Файл:Dominica-arms.PNG
The arms of Dominica, for comparison

A camouflage passport is a document, designed to look like a real passport, issued in the name of a non-existent country or entity. It may be sold with matching documents, such as an international driver's license, club membership card, insurance documents or similar supporting identity papers.[1] A camouflage passport is not a real, valid passport and is to be distinguished from a valid second passport, which an individual with dual citizenship may be eligible to hold, a novelty fantasy passport, or a fake of a real passport.

Origins

False identity documents have a long history, but in 1998, the idea of the camouflage passport was credited by the Financial Times to Donna Walker of Houston, who said she had got the idea ten years earlier when an American on a hijacked aircraft was shot because of his nationality.

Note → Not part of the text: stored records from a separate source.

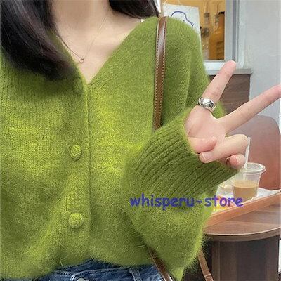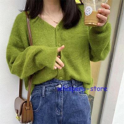 レディース トップス カーディガン ニット 秋 長袖 グリーン ライトニット ゆったり カジュアル ファッション 通勤 普段着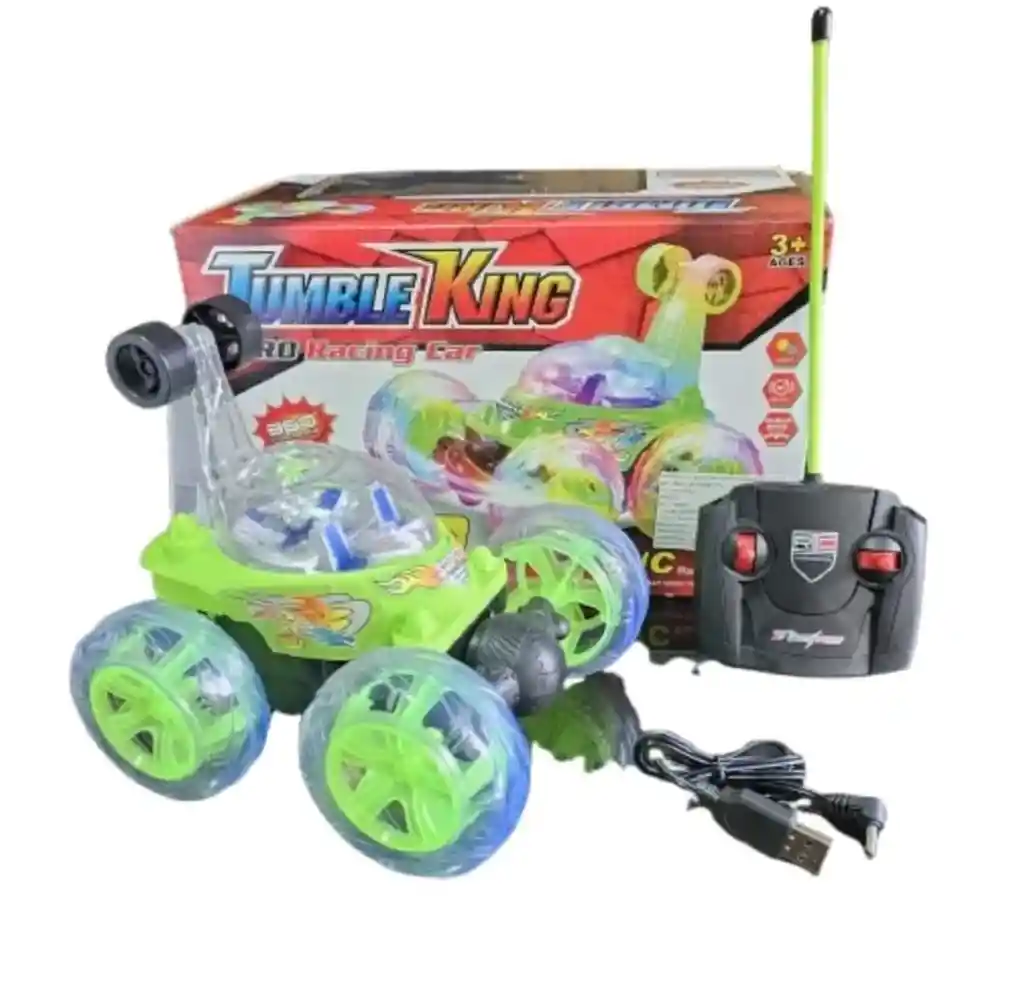 Carro Loco Recargable Control Remoto Acrobacias 360 Juguete Espectacular carro a control remoto con 15 metros de alcance, capacidad de giro de 360 grados,ideal para divertirse jugando con este vehículo durante horas dado que trae una bateria recargable de gran duracion, incluye luces en las llantas que le dan una hermosa apariencia y ademas trae un circuito emisor de sonidos que haran mas divertido interactuar con este. El vehiculo incluye en su parte delantera con un sistema de 360 grados que permite que pueda cambiar de direccion facilmente, hasta cuando este se encuentre de cabeza ya que incluye un par de llantas en la parte superior trasera que al apoyarse en estas pueda seguir andando y asi no tendra que parar de jugar para ir a reacomodarlo. CARRO LOCO NUEVO SIN CAJA INCLUYE: Cargador toma corriente a 110vt Control remoto inalambrico funciona con 2 pilas AA no incluidas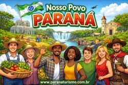 O Paraná dos paranaenses. O povo paranaense descende de uma mistura de raças. Colonizadores portugueses, nativos e escravos africanos (na maioria originários de Yoruba e Quimbundu que, nos dias de hoje, correspondem a Nigéria, Benin e Angola) constituíram a base racial.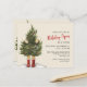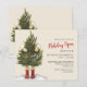 Invite friends to celebrate the season with these open house party flyer. Design features a watercolor illustration of a Christmas tree with funny red boots and knitted mittens bright red text holiday open house. Customise this funny rustic invitation with your event details.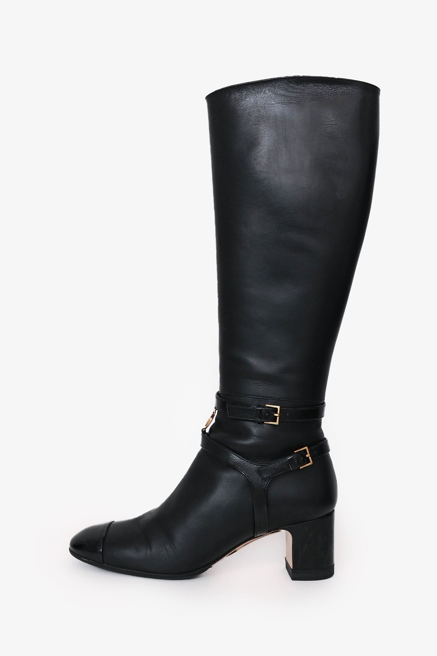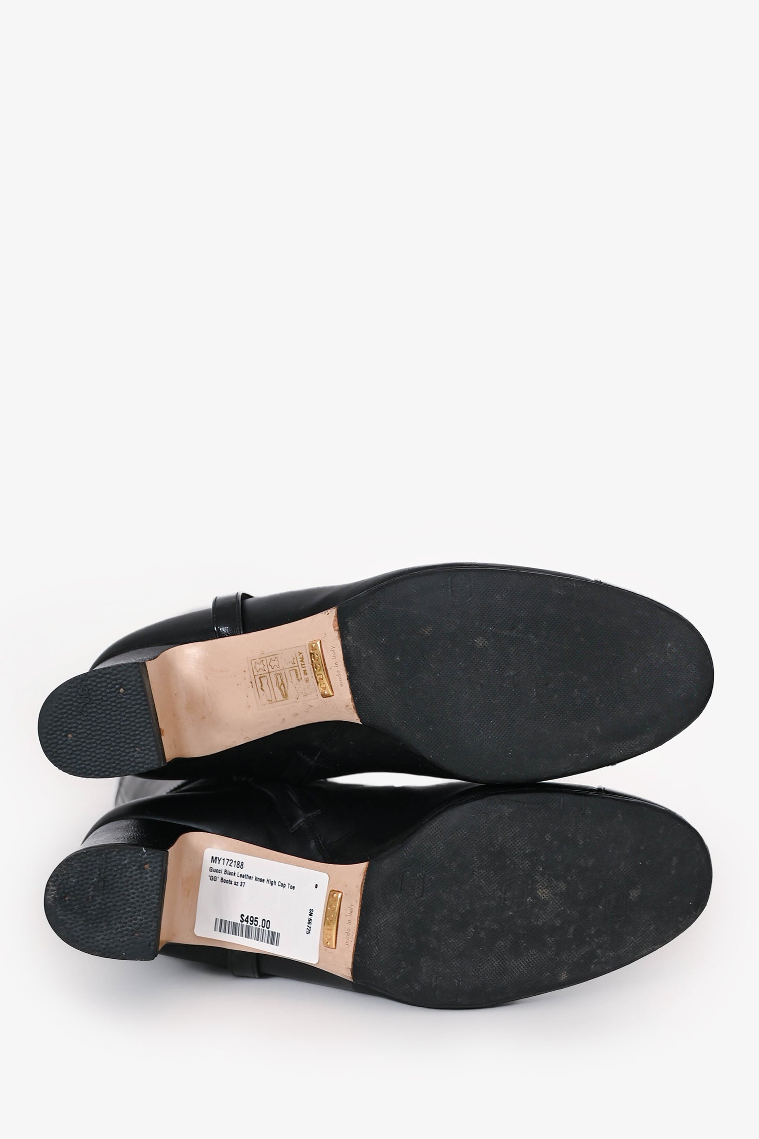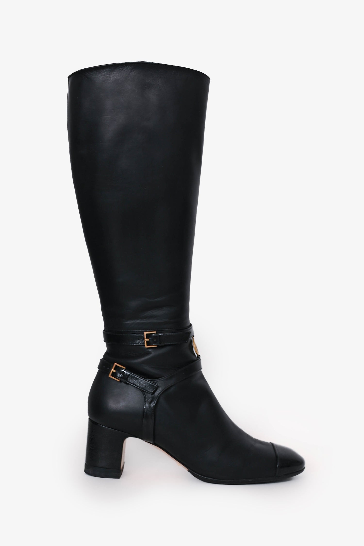 Refresh availabilityGucci Black Leather Knee-High Cap Toe 'GG' Boots. Pull-on. Round toe. Side zip closure. Decorative ankle strap with buckle closure. Leather lining and insole. Gold-tone hardware. Tonal stitching.

Walker said that she started by asking the Sri Lankan embassy whether they still had rights over the name Ceylon and, finding they did not, went on to ask the U.S. State Department whether producing a passport in that name would be legal, and they "couldn't show (her) it wasn't". Walker went on to produce hundreds of passports in different country names, trading as International Documents Service, and described her "finest hour" as being during the Iraqi invasion of Kuwait when a group of European oil executives were able to use her documents to pass through Iraqi checkpoints and escape to Jordan.

She said the basic idea was to look like "a not very interesting man from a not very interesting country".[2]

Form

Camouflage passports are generally produced in the name of countries that no longer exist or have changed their name.[3]

Often these are former colonies that changed their name on independence, or use the names of places or political subdivisions that exist within a real country but have never issued or cannot issue passports (for instance, the British Hebrides which are islands off the west coast of Scotland that have never been separately independent).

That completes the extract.